▸ **Source records**:

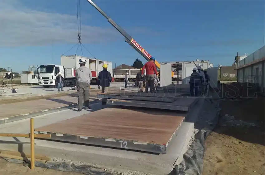 A su vez, el arquitecto explicó que "los módulos centrales ya están colocados y hay otros que conformarán el entrepiso técnico para ir conformando el lugar. Obviamente, después queda la tarea por desarrollar como son las instalaciones eléctricas, cubiertas, veredas por hacer. Se viene a buen ritmo, con jornales de 12 horas".
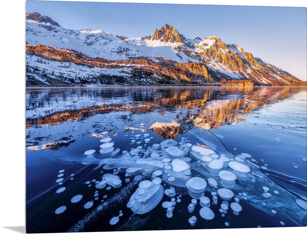 <p>Lake Sils covered of ice bubbles at sunset, canton of Graubunden, Engadine, Switzerland</p>
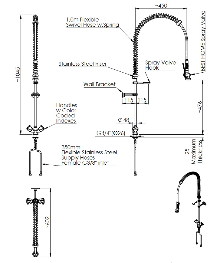 - Wassermenge an der Handwaschbrause stufenlos dosierbar, maximaler- Wasserdurchfluss 14 l/min.
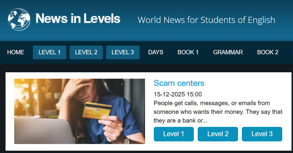 News in Levelsは、同じニュース内容を複数の難易度で読める英語多読サイト無料です。文章は短めで、1記事あたりのボリュームも控えめなので、数分あれば読み切れます。「今日はレベル1」「慣れてきたらレベル2」といった使い分けができ、無理なく英語量を増やせるのが魅力です。
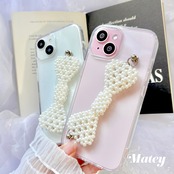 ぷっくりパールで編んだ大ぶりリボングリップが主役のクリアiPhoneケース♡

▸ **Action item**: Transcribe the listing above exactly, leaving every picture out.

▸ **Expected answer**:
 A su vez, el arquitecto explicó que "los módulos centrales ya están colocados y hay otros que conformarán el entrepiso técnico para ir conformando el lugar. Obviamente, después queda la tarea por desarrollar como son las instalaciones eléctricas, cubiertas, veredas por hacer. Se viene a buen ritmo, con jornales de 12 horas".
 <p>Lake Sils covered of ice bubbles at sunset, canton of Graubunden, Engadine, Switzerland</p>
 - Wassermenge an der Handwaschbrause stufenlos dosierbar, maximaler- Wasserdurchfluss 14 l/min.
 News in Levelsは、同じニュース内容を複数の難易度で読める英語多読サイト無料です。文章は短めで、1記事あたりのボリュームも控えめなので、数分あれば読み切れます。「今日はレベル1」「慣れてきたらレベル2」といった使い分けができ、無理なく英語量を増やせるのが魅力です。
 ぷっくりパールで編んだ大ぶりリボングリップが主役のクリアiPhoneケース♡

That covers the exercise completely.